▶ What is expected: From the data below, return only the lines from the one with "майка из 100%" through the one with "新品未使用 80cm~90cm ベージュ〔#BMハイネックニットワンピース〕ニット", exact and inclusive, with pictures left out.

▶ Records shown:

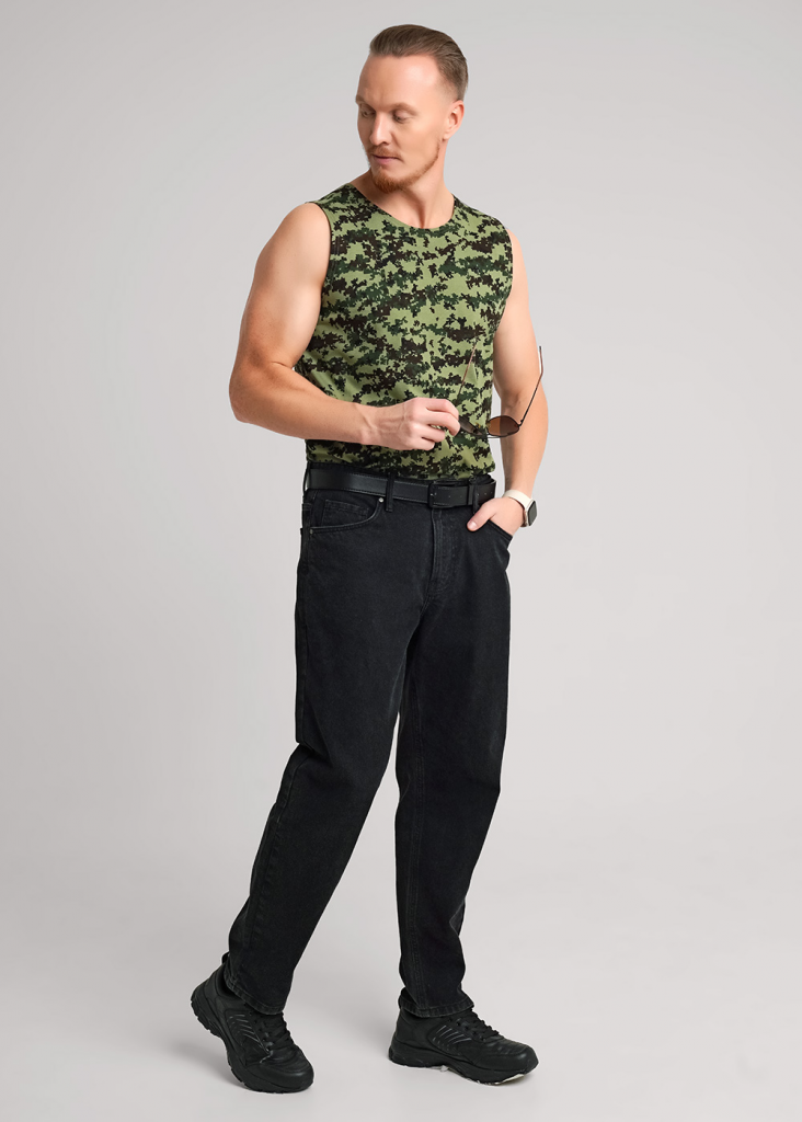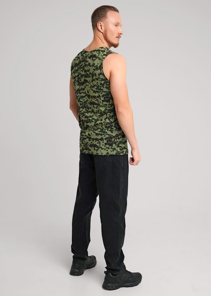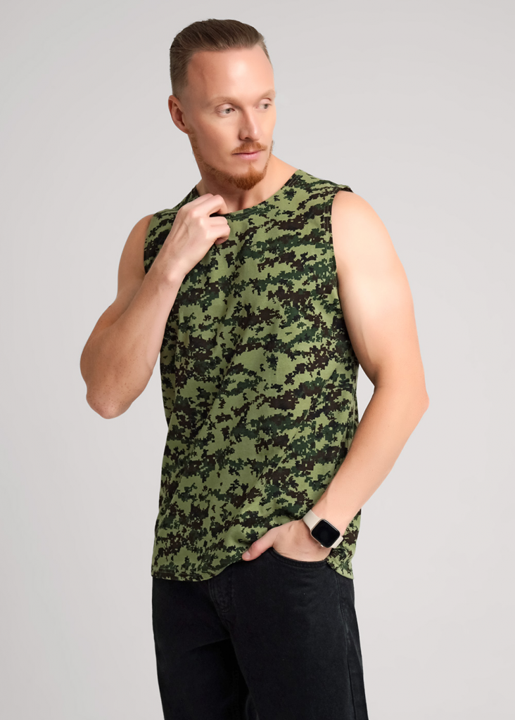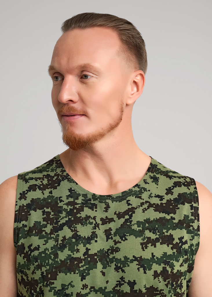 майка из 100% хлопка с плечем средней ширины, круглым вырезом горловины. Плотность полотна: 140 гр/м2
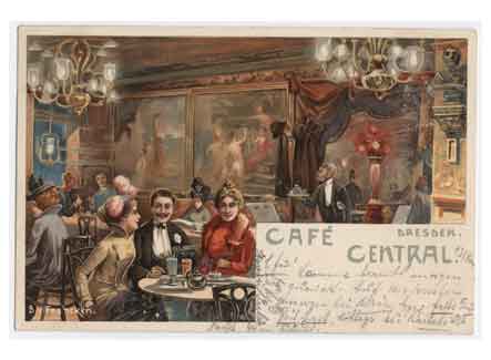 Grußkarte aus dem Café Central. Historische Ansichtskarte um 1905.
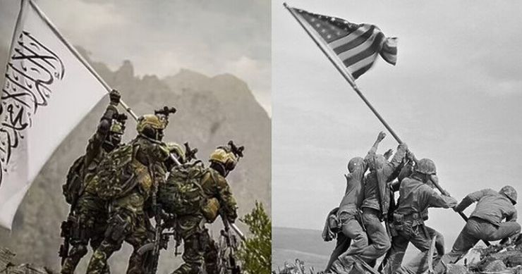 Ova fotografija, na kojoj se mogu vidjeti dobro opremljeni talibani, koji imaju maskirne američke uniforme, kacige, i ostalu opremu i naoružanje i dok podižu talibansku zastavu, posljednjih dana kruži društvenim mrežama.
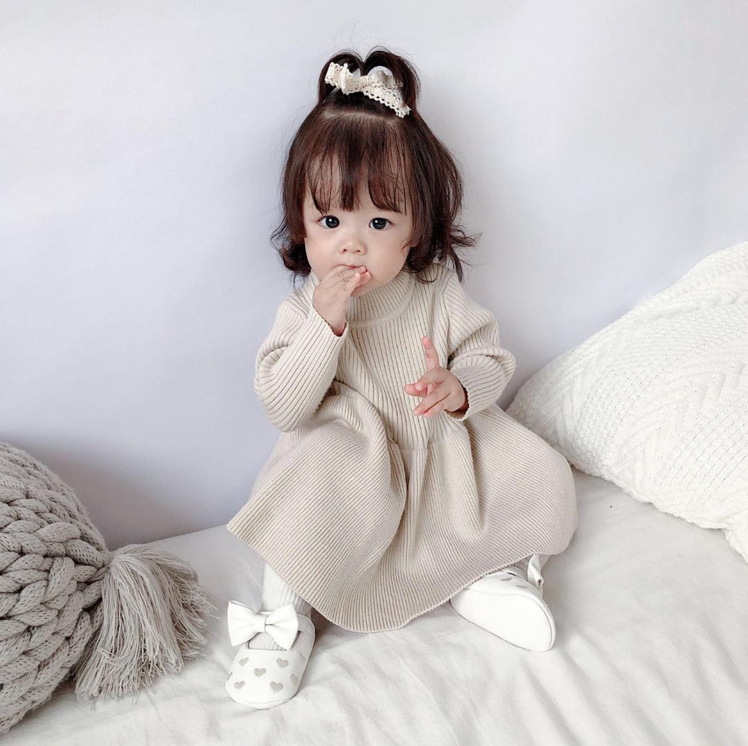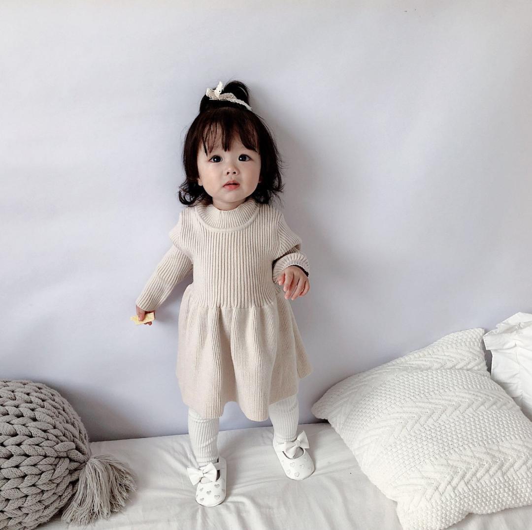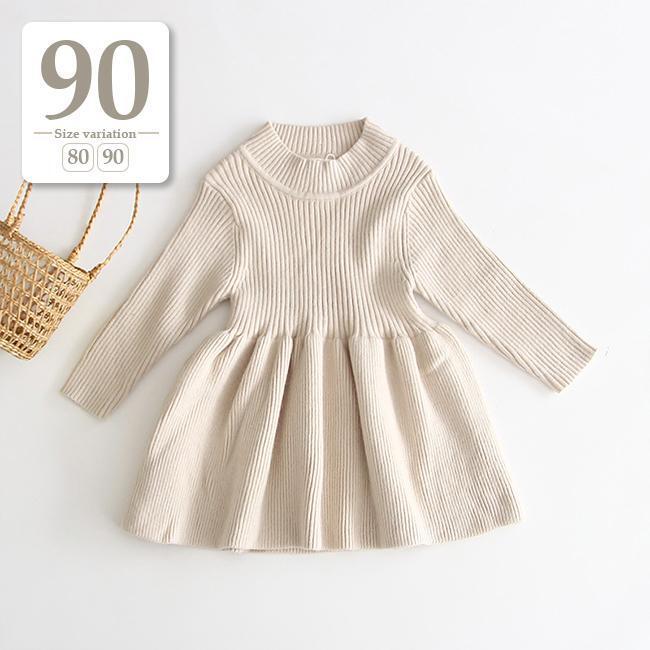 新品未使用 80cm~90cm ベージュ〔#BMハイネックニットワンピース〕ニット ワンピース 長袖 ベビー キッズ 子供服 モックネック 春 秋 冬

--

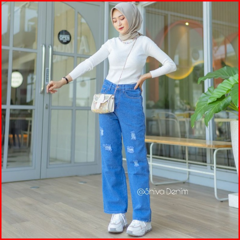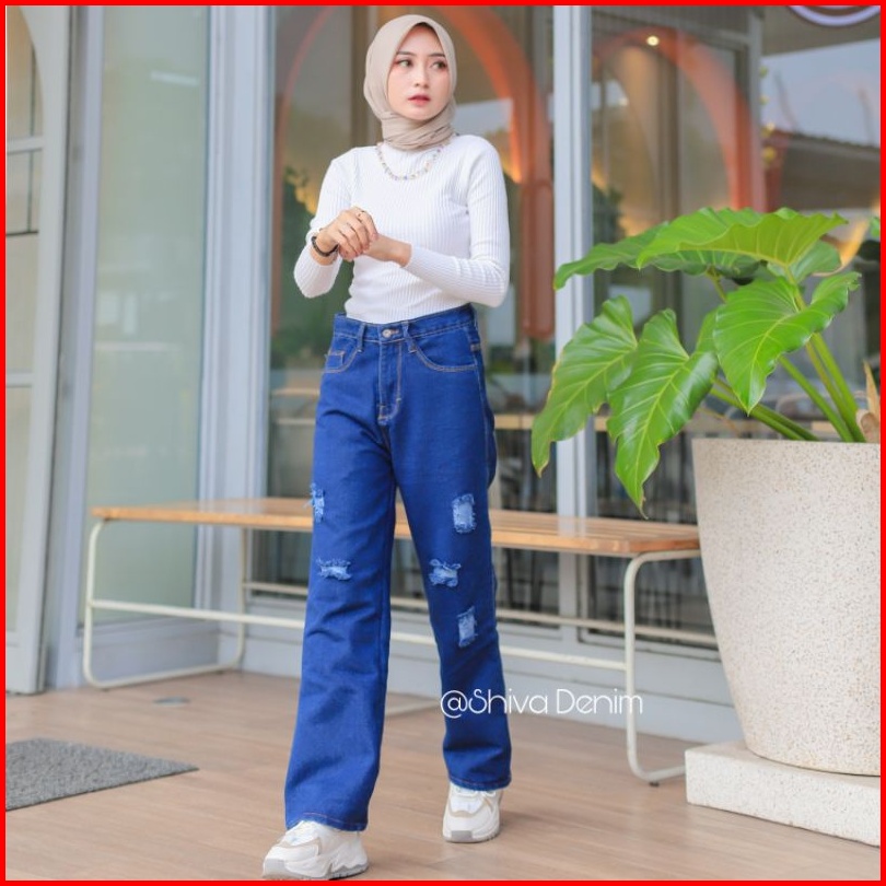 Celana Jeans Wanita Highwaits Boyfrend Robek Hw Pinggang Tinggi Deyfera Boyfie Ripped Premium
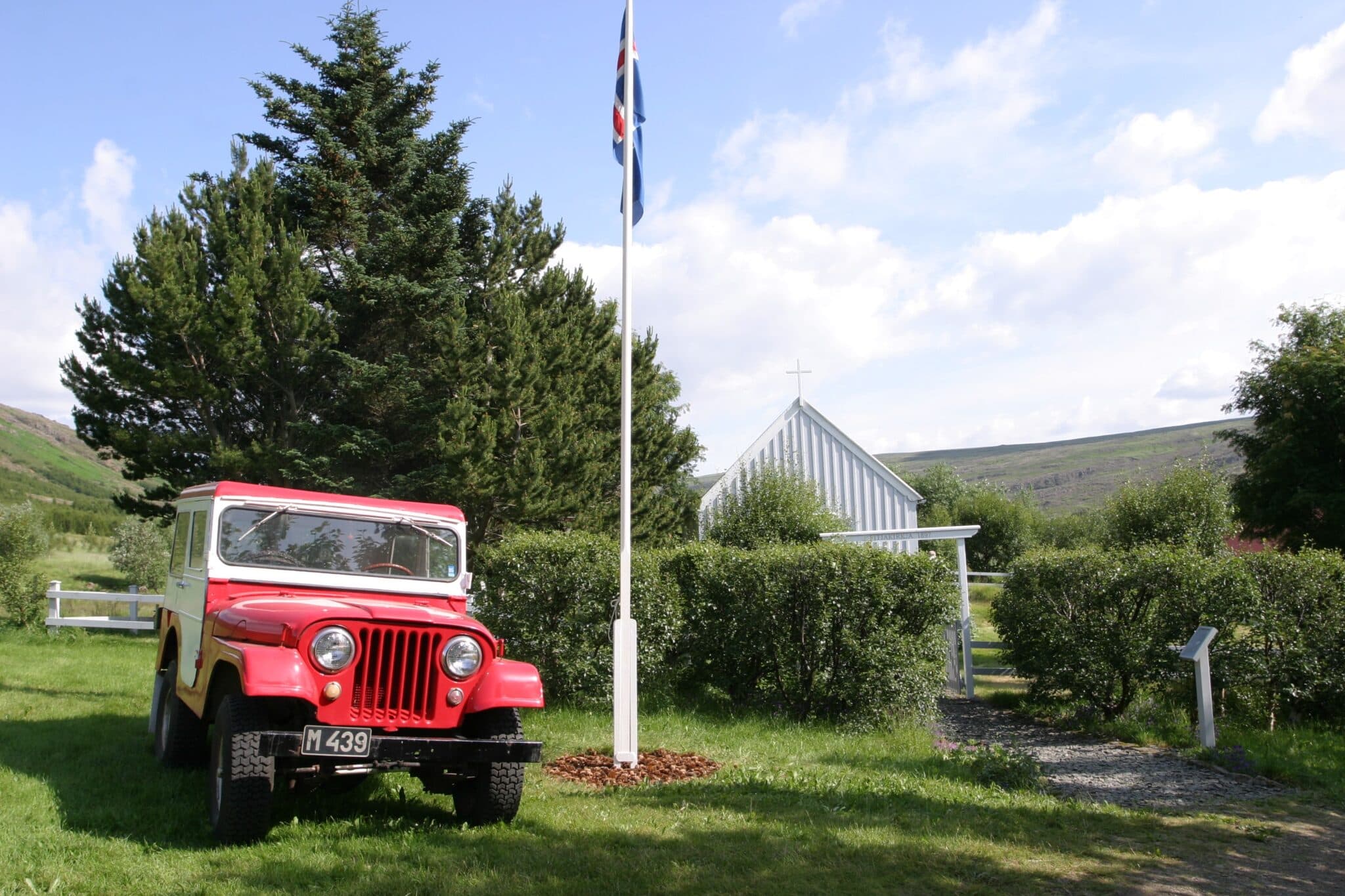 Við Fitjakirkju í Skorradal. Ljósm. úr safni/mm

...

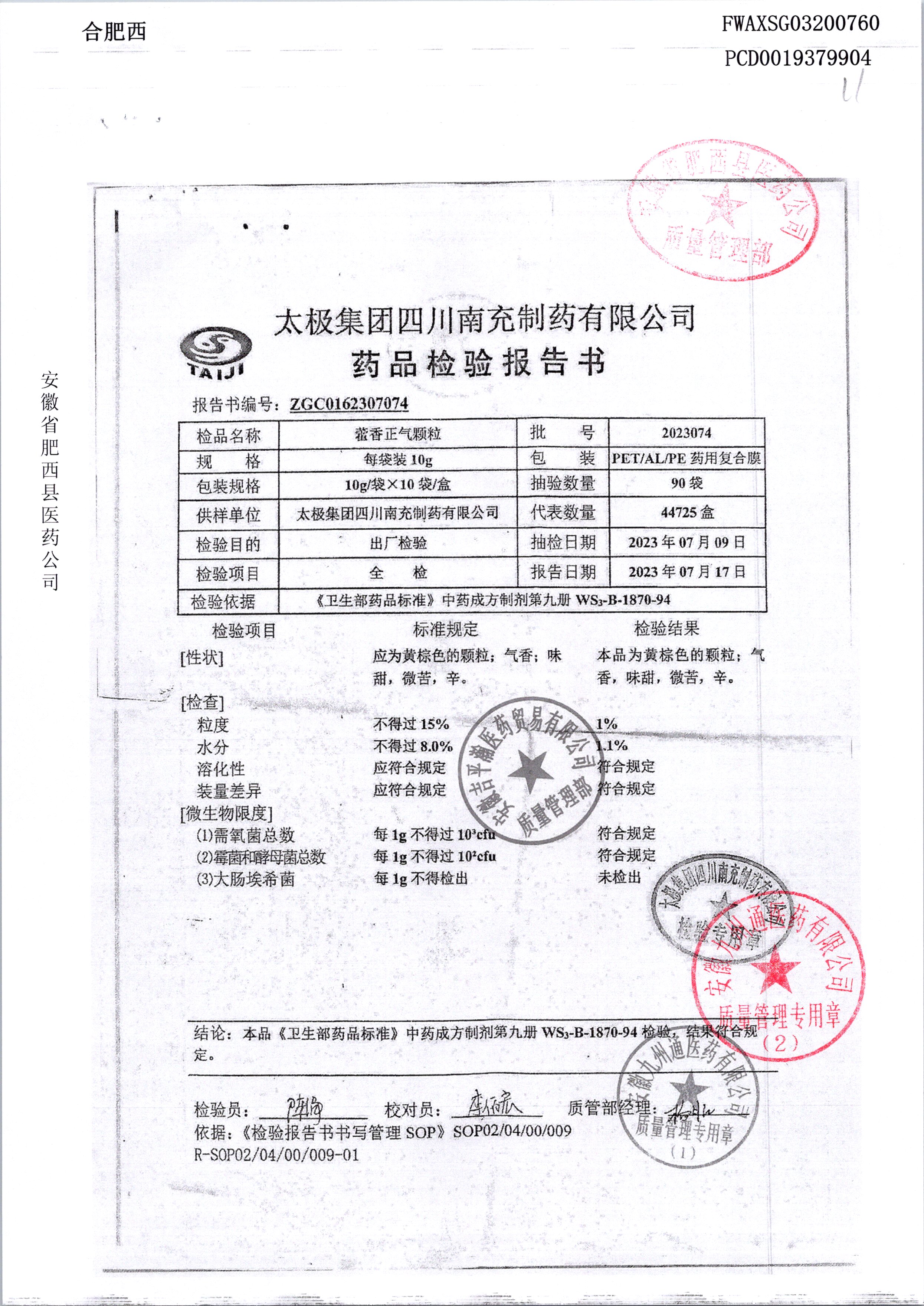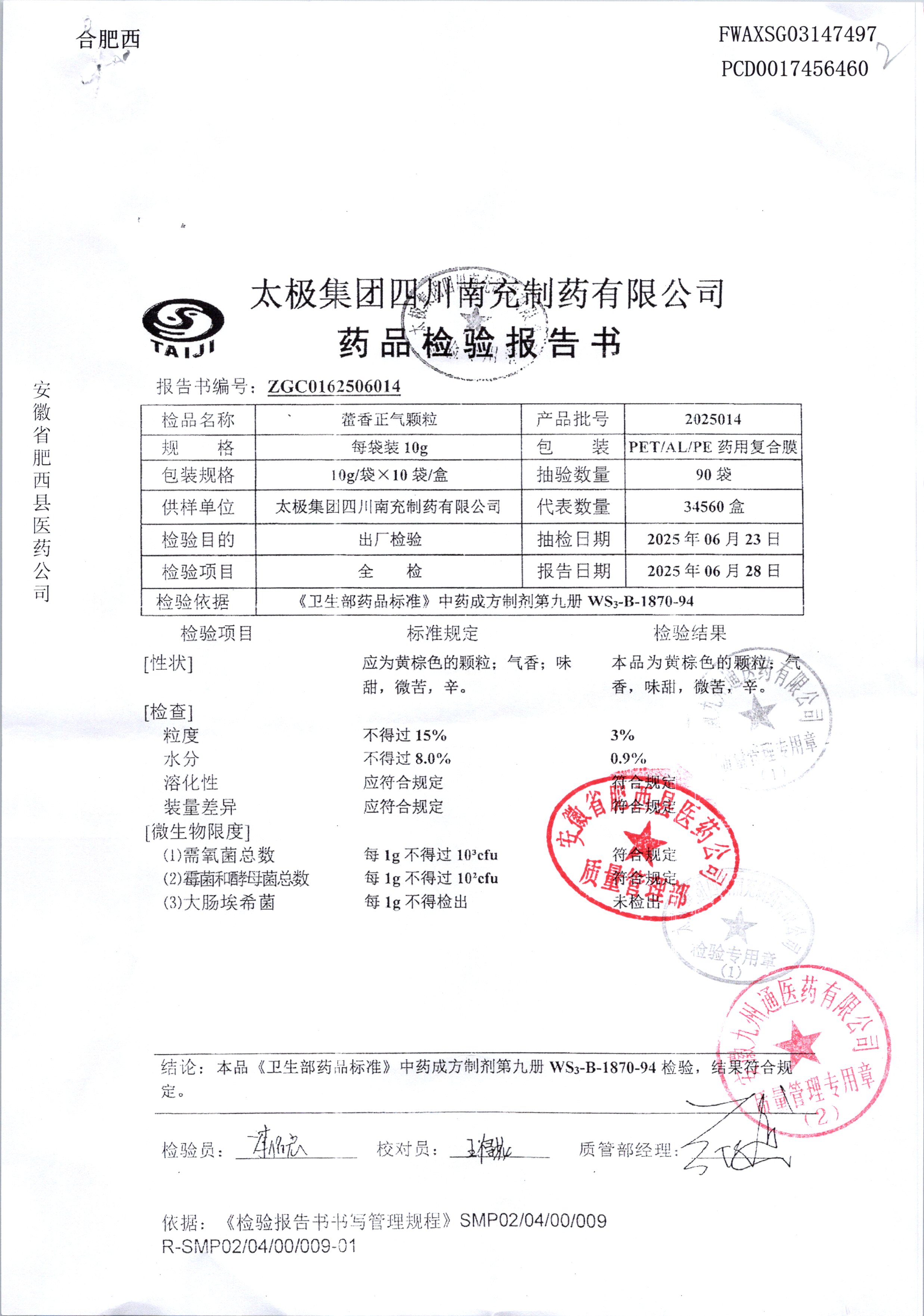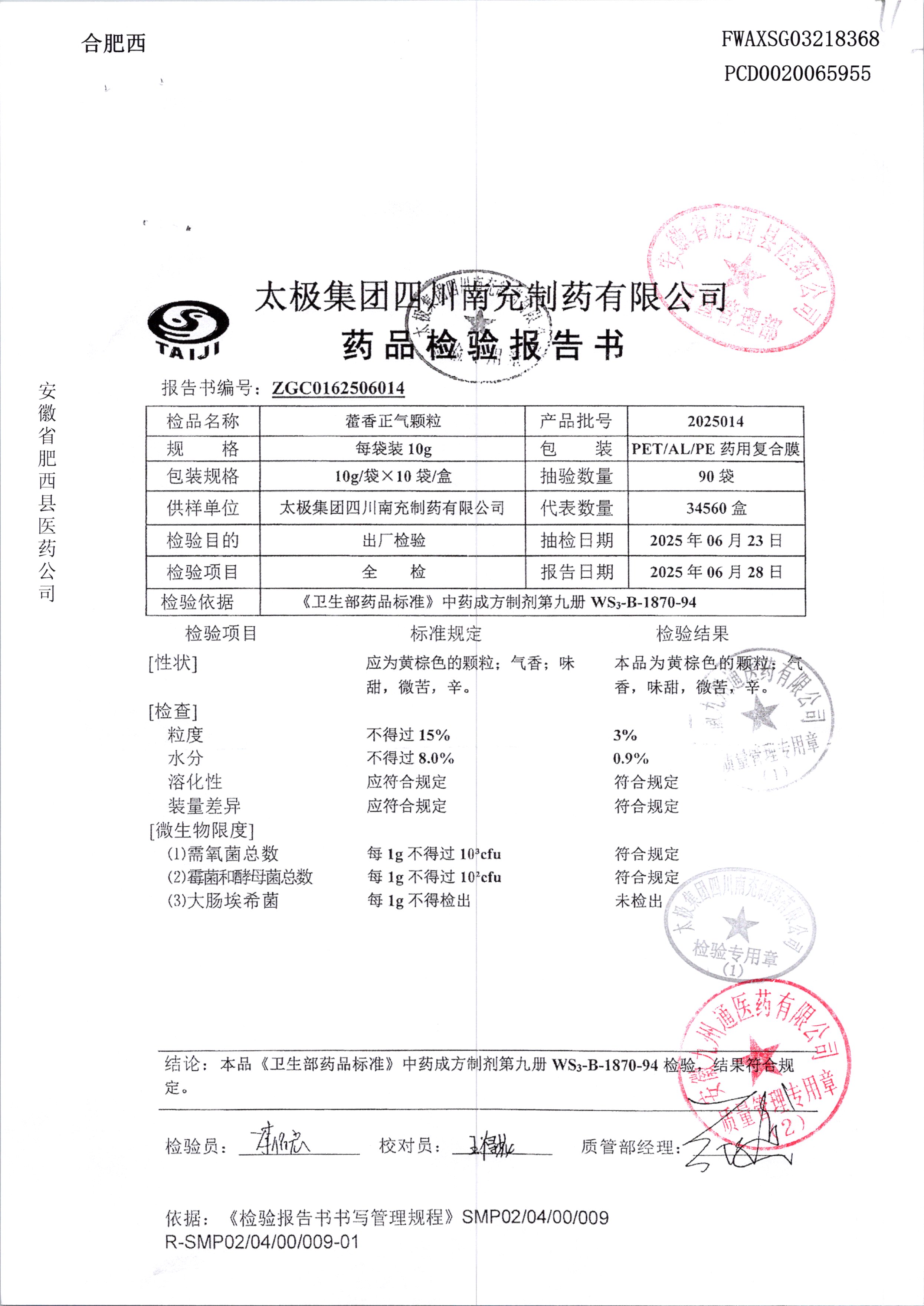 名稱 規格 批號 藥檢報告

▶ Output below:
 майка из 100% хлопка с плечем средней ширины, круглым вырезом горловины. Плотность полотна: 140 гр/м2
 Grußkarte aus dem Café Central. Historische Ansichtskarte um 1905.
 Ova fotografija, na kojoj se mogu vidjeti dobro opremljeni talibani, koji imaju maskirne američke uniforme, kacige, i ostalu opremu i naoružanje i dok podižu talibansku zastavu, posljednjih dana kruži društvenim mrežama.
 新品未使用 80cm~90cm ベージュ〔#BMハイネックニットワンピース〕ニット ワンピース 長袖 ベビー キッズ 子供服 モックネック 春 秋 冬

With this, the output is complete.